The revision came from an anonymous editor from the IP address 76.19.64.64, which belongs to server that appears to be based in Mount Laurel, New Jersey and is owned by Comcast. The revision is dated February 8, 2008, the week that Bread and Puppet Theater was performing in Boston. While Greg Cook would not publish his series to The New England Journal of Aesthetic Research that included interviews with both Schumann and myself for another day, his preview of the show had already appeared The Boston Phoenix.
Leaving aside the need for proofreading, the article was incomplete in that it spoke about the dispute surrounding Schumann's work on the Israeli-Palestinian conflict yet gave scant attention to any of his notable accomplishments (of which are many.) This is not the worst flaw in a Wikipedia, as articles are collaborative endeavours, someone would be expected to eventually fill in the details, however far off into the future "eventually" may be. What caught my eye was not so much that I was mentioned but this particular passage:
Schumann denied any such accusations [of anti-Semitic content], pointing to how his family escaped from Nazi rule when he was 10, accusing his critics of "over-interpreting" his work and saying :I’m not saying that what’s happening in Palestine is the same as what happened in Warsaw...but it's certainly a reminder. [4].
The citation was from Ken Picard's Septemeber 19, 2007 article for Seven Days, "Over the Wall" in which Picard writes:
For his part, Schumann has repeatedly denied the accusations of anti-Semitism and Holocaust denial — after all, he and his family fled Nazi Germany when he was 10.
Note that Picard did not specifically state that Schumann claimed to be a refugee from Nazi Germany as the anonymous author from 76.19.64.64 had done. Picard may very well have made a statement that he mistakenly believed to be common knowledge (an error that few, if any, have never made.) However, this is contradicted by other statements made by Schumann, such as in this interview conducted by Rosette Royale that appeared in the March 2, 2006 edition of Real Change News:
I was born in Silesia, which was German. It became Polish in 1945, after the war. It was part of Germany that was given to Poland by the Yalta Conference. Ninety-nine percent of the population of Silesia was made into refugees at the end of the War and we were part of that 99 percent.
Without going too in depth into the complex
An article in the August 5, 2007 The New York Times tells a parallel story:
[Schumann] was born in Silesia, now part of Poland, in 1934, the son of a Lutheran schoolmaster. During World War II the family fled to northern Germany, where, as refugees, they lived on scraps gleaned from local farms.
Which indicates that Schumann's family fled from Silesia not due to redrawing of borders but by the advance of Soviet troops or Allied bombing campaigns, not from Nazi Germany, but rather deeper into Nazi Germany. Other articles tell similar stories.

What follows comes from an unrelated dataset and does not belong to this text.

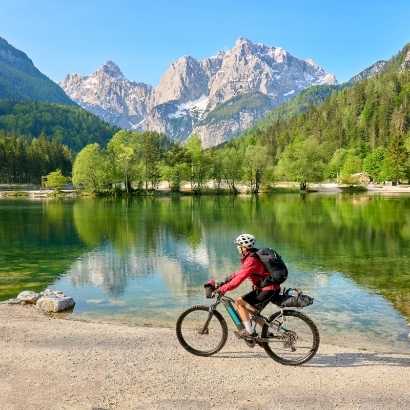 Slovenia offers moderate climbs and long valley sections. Routes can be challenging but are not extreme. E-bikes are widely supported and suitable for alpine sections.

Though I first commented on what I presume to be Picard's error on this blog, I also broached the topic in a letter to the editor which led to a stimulating email exchange with Picard. However, because of my understanding of Wikipedia ethics, I felt constrained from correcting or altering the Peter Schumann article, and instead left a note in the discussion section attached to the article on February 15, 2008:
Obviously, since I am named in this article, it would be inappropriate for me to contribute directly, but I should note that there appears to be a major factual error regarding Schumann's childhood[....]
The points being, 1.) It appears to be an error; and 2.) my understanding of wiki ethics requires that I not touch the article, 3.) somebody else needs to fix it.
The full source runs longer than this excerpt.